Anti nuclear group ICAN won the 2017 Nobel prize

Oslo, Norway | AFP | Nuclear disarmament campaign group ICAN won the Nobel Peace Prize on Friday for its efforts to consign the atomic bomb to history, firing off a warning that Donald Trump’s presidency showed the true extent of the risk posed by weapons of mass destruction.

More than 70 years since atomic bombs were used on the Japanese cities of Hiroshima and Nagasaki, the Nobel committee praised ICAN’s non-proliferation efforts as nuclear-related crises swirl around North Korea and Iran.
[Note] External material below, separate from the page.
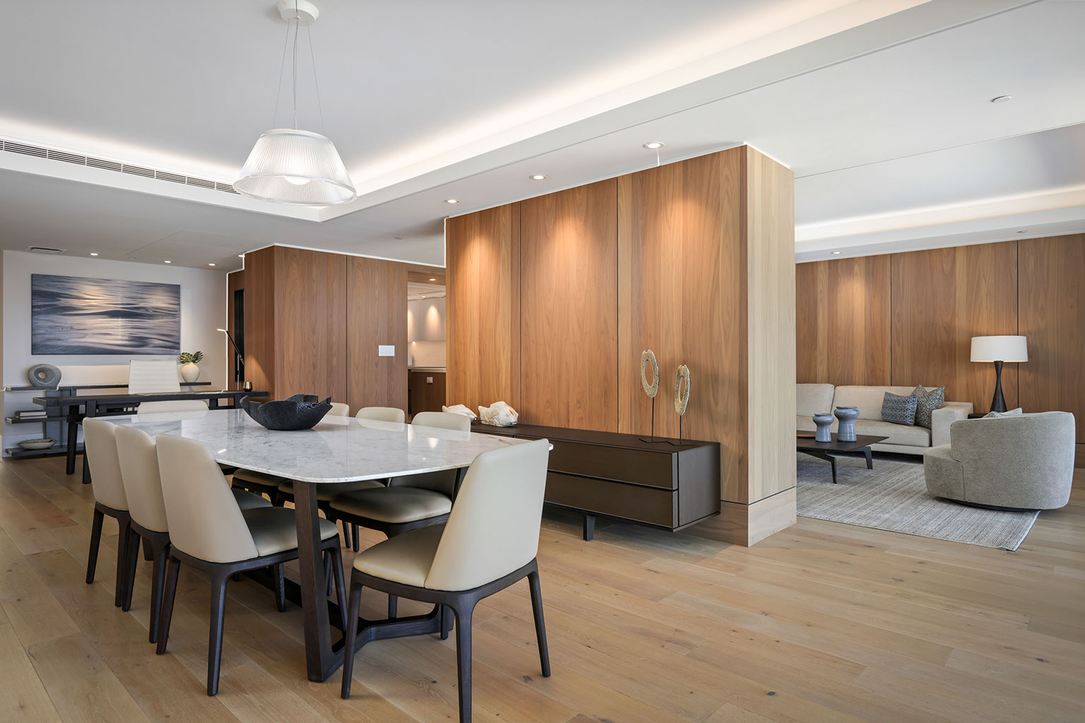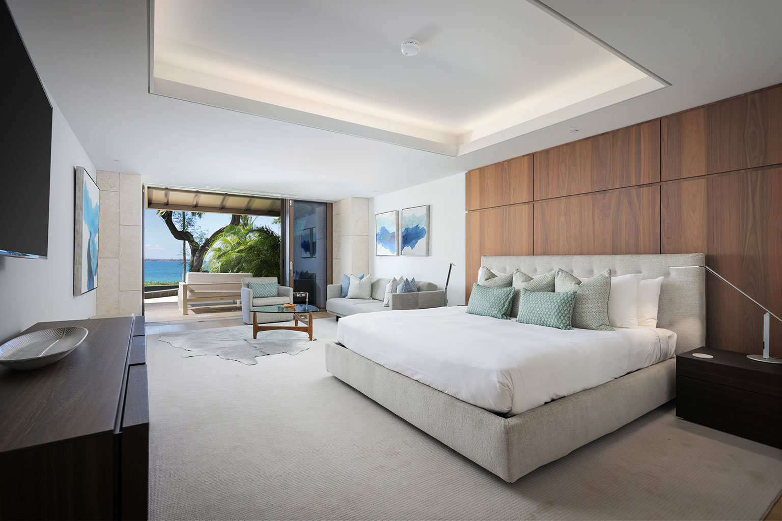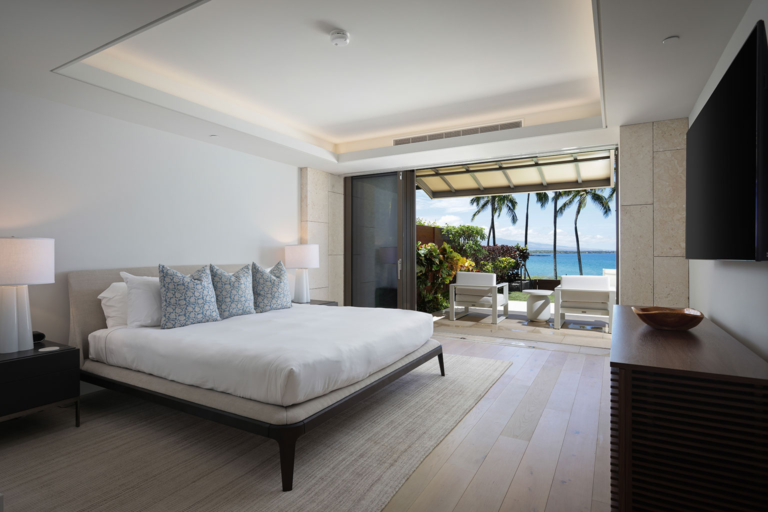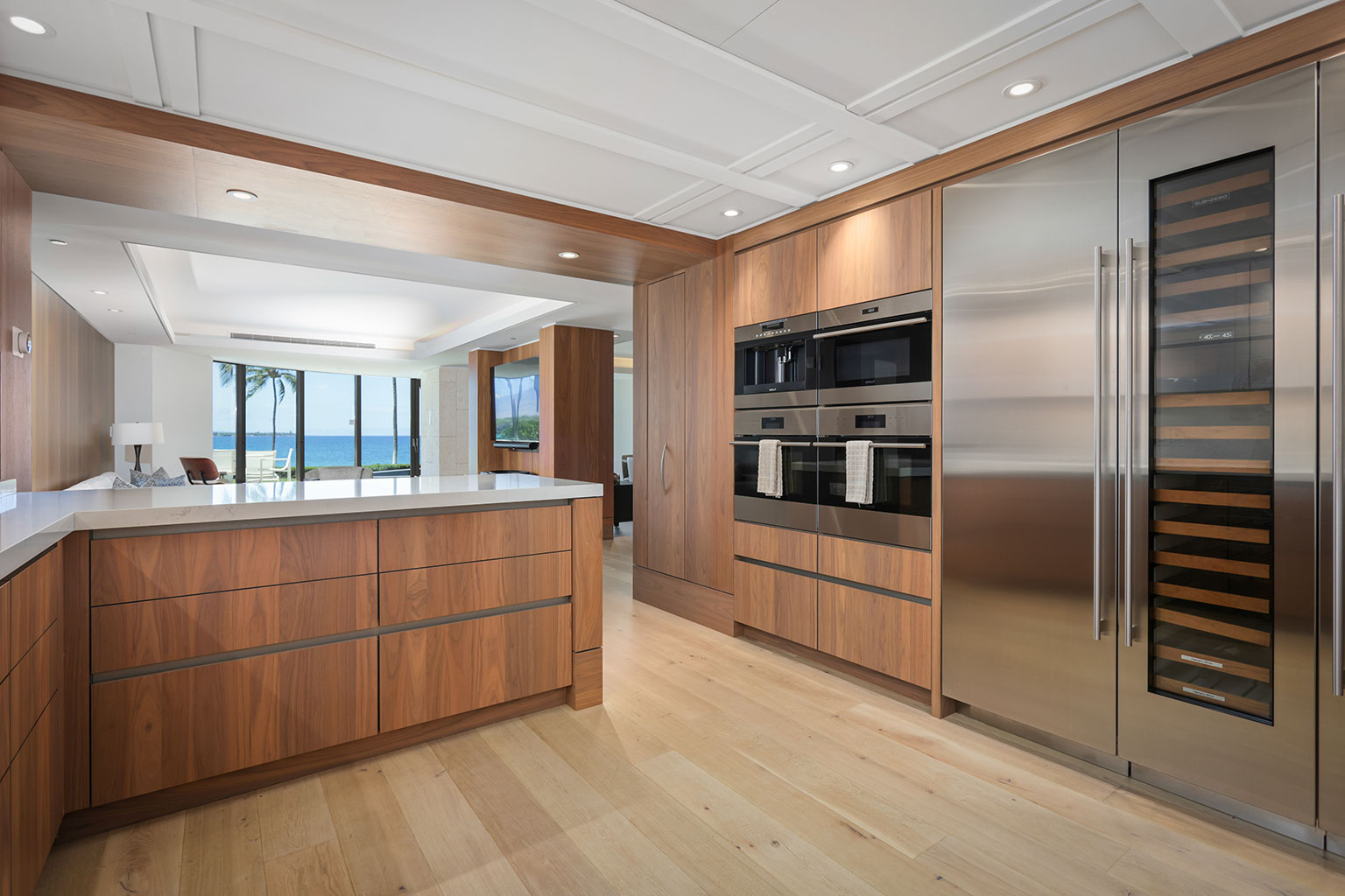 1階に位置する贅を尽くしたオーシャンフロント レジデンス。ビーチへのアクセスが便利でありながら、プライバシーとスペースも兼ね添えています。床から天井まで広がる壁一面の大きなスライド ガラス窓、ダブルオーブン、ワインセラー、プロシリーズのWolf製、Sub-Zero製、Miele製の調理機器をそろえたキッチン、8人用のダイニングテーブルをご提供しております。

The decision sent a clear message at a time when Trump has threatened to tear up a 2015 deal curbing Iran’s nuclear abilities. And the US president alarmed delegates at the UN General Assembly last month by warning he might be forced to “totally destroy” North Korea because of its atomic weapons programme.

“We live in a world where the risk of nuclear weapons being used is greater than it has been for a long time,” Norwegian Nobel committee president Berit Reiss-Andersen said in announcing the prize in Oslo.

Founded in Vienna in 2007, the International Campaign to Abolish Nuclear Weapons (ICAN) comprises more than 400 NGOs and has mobilised supporters and celebrities alike in its cause.

It was a key player in the adoption of a historic nuclear weapons ban treaty, signed by 122 countries at the UN in July.

But the accord was largely symbolic because none of the nine countries known or suspected of having nuclear weapons put their names down. It also still needs to be ratified before entering into force.

The United States, Russia, Britain, France, China, India, Pakistan, Israel and North Korea are all thought to possess nuclear weapons.

Speaking to reporters in Geneva, ICAN’s head Beatrice Fihn said Trump’s movements over North Korea and Iran showed the clear danger posed by nuclear arms.

“The election of President Donald Trump has made a lot of people feel very uncomfortable with the fact that he alone can authorise the use of nuclear weapons,” she said, adding that the US leader had a track record of “not listening to expertise”.

Days before the Nobel announcement, Fihn had tweeted simply: “Donald Trump is a moron”, a remark she said Friday that she regretted.